Formatted question description: https://leetcode.ca/all/233.html

 233	Number of Digit One

 Given an integer n, count the total number of digit 1 appearing in all non-negative integers less than or equal to n.

 Example:

 Input: 13
 Output: 6
 Explanation: Digit 1 occurred in the following numbers: 1, 10, 11, 12, 13.

Algorithm

This question is actually equivalent to a question to find a pattern.
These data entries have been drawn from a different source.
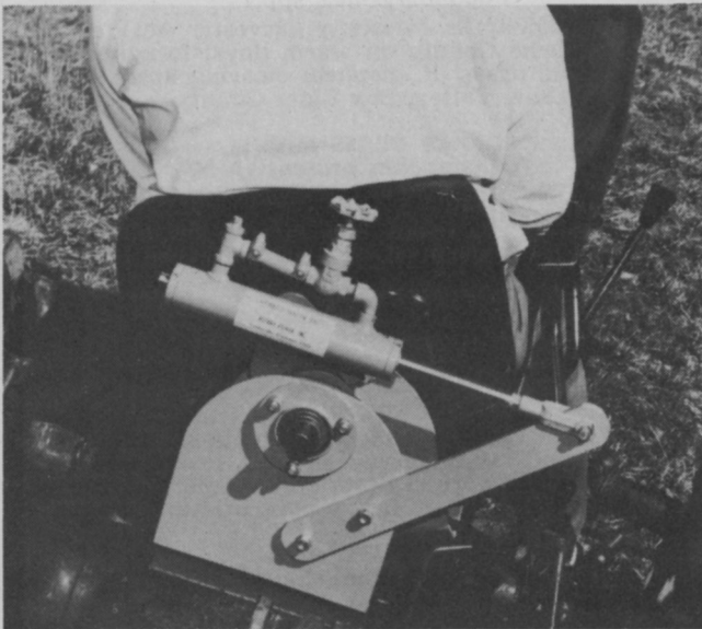
HYDRAJUST TRACTOR SEAT: Rotary Power, Inc., Centerville, Tenn.

Scatback 430 is a compact four-wheel drive front-end loader with hydraulic articulated steering and hydra-static drive. It is powered by a 30 Hp engine, either gas or diesel. Infinitely variable speeds, both forward and backward gives the operator much latitude in operation. Instant forward/reverse is controlled by a single pivot dual foot pedal. Loader is self-leveling and has a 30 degree bucket rollback at ground level to handle heaped loads. Dump clearance is 109 inches at the hinge point. For added safety, operator sits aft of the lifting arms. For more details, circle (710) on the reply card.
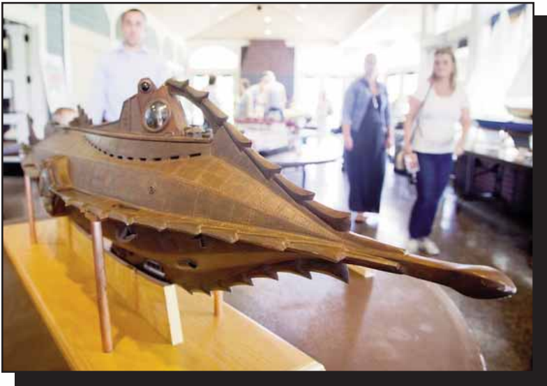
Nautilus Submarine built by Kirk Brust
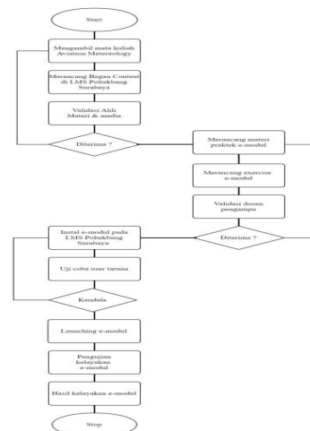
Figure 2 Research Instrument Design

In this final project, the author made an e-module of Aviation Meteorology material according to the syllabus in the Aviation Communication study program. It contains 2 credits (Semester Credit System) consisting of 14 meetings, 12 face-to-face meetings, assignments, and practice as well as UTS and UAS. The content of this e-module includes PowerPoint, pictures, and exam questions. Then this e-module will be implemented and uploaded to the Learning Management System website.
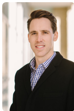
Senator-Elect Josh Hawley
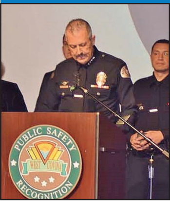
Police and Fire Personnel / 23
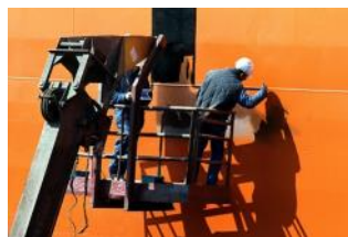
Construction site safety / Work at height
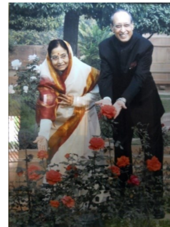
Hon.Smt. Pratibhatai Patil & Hon. Dr.Devisinghji Shekhawat
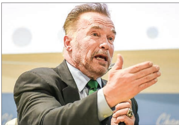
Arnold Schwarzenegger.

Schwarzenegger added a sprinkle of stardust to Monday’s opening session of COP24 climate talks in Poland, where nations must agree on a rulebook to limit global temperature rises and the devastating economic and health im-
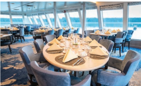
The casual dining room with its expansive windows.

Served in single seatings with unassigned tables for an informal atmosphere. Cuisine is fresh, sustainable, accented with regional flair, and served plated.
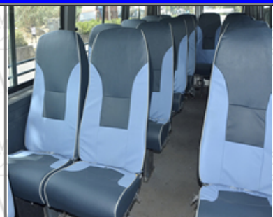
Tempo Traveller Seat
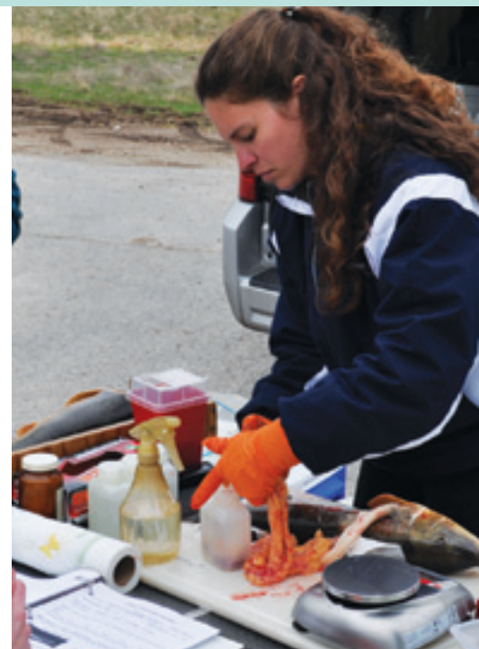
Researchers sample white suckers from the Sheboygan River for tumors and other abnormalities.

The initial focus of the 1972 Clean Water Act and the Great Lakes Water Quality Agreement was to establish better wastewater treatment infrastructure. As time went on, their focuses expanded to toxic pollutants that had been released into the rivers and harbors as the result
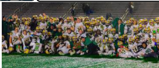
2024 DIVISION ONE REGION ONE CHAMPIONS

Oct. 24, 7:00 p.m. @ Akron Hoban Dowed Field
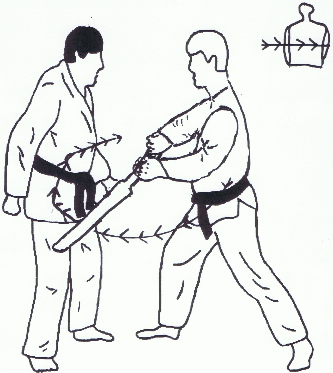
SIDE STRIKE ACROSS THE BODY

So in order to find the rule, we first enumerate all the numbers containing 1 and count the number every 10

Number of 1 Numbers with 1 Number range
1 1 [1, 9]
11 10 11 12 13 14 15 16 17 18 19 [10, 19]
1 21 [20, 29]
1 31 [30, 39]  
1 41 [40, 49]  
1 51 [50, 59]  
1 61 [60, 69]  
1 71 [70, 79]  
1 81 [80, 89]  
1 91 [90, 99]  
11 100 101 102 103 104 105 106 107 108 109 [100, 109]  
21 110 111 112 113 114 115 116 117 118 119 [110, 119]  
11 120 121 122 123 124 125 126 127 128 129 [120, 129]  

There are only 1 1 within 100 except for 11 ‘1’s between 10-19.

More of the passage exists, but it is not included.